**** Task input ****

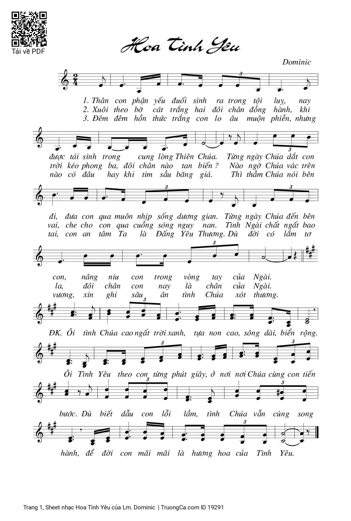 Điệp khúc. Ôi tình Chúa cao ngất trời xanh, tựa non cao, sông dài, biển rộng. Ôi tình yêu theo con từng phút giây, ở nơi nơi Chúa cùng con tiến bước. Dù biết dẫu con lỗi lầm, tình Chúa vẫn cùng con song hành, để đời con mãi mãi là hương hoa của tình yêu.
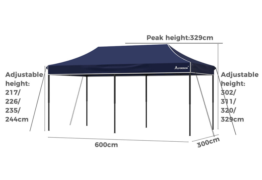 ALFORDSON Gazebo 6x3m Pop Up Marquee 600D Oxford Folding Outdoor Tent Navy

****
**** Task input ****

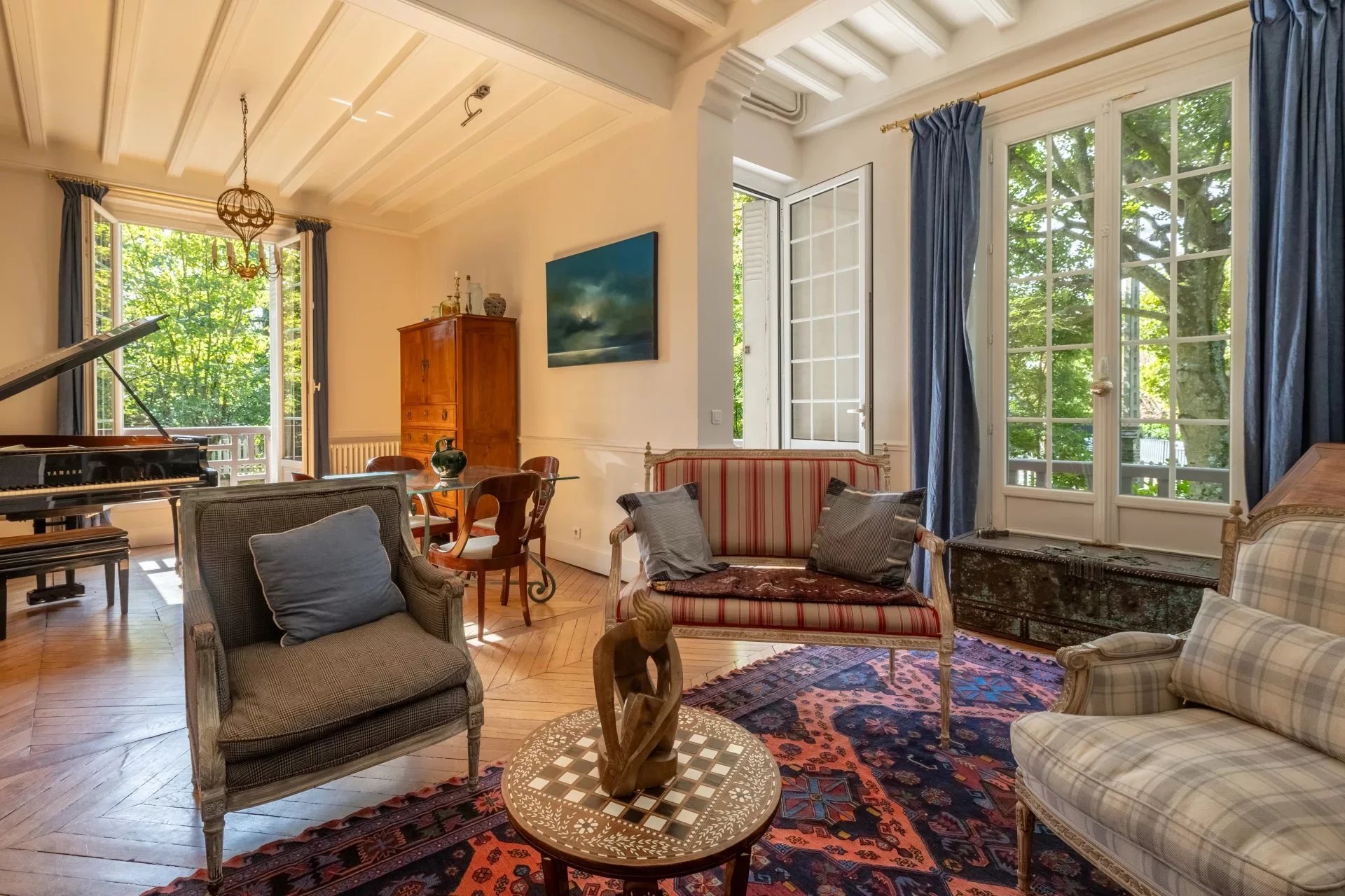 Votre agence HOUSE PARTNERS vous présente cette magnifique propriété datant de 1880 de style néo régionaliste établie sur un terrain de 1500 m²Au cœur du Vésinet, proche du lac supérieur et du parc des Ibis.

****

Problem description:
With the pictures left out, write out exactly the lines above from the one containing "Điệp khúc. Ôi" through the one containing "ALFORDSON Gazebo 6x3m".

Completed task:
 Điệp khúc. Ôi tình Chúa cao ngất trời xanh, tựa non cao, sông dài, biển rộng. Ôi tình yêu theo con từng phút giây, ở nơi nơi Chúa cùng con tiến bước. Dù biết dẫu con lỗi lầm, tình Chúa vẫn cùng con song hành, để đời con mãi mãi là hương hoa của tình yêu.
 ALFORDSON Gazebo 6x3m Pop Up Marquee 600D Oxford Folding Outdoor Tent Navy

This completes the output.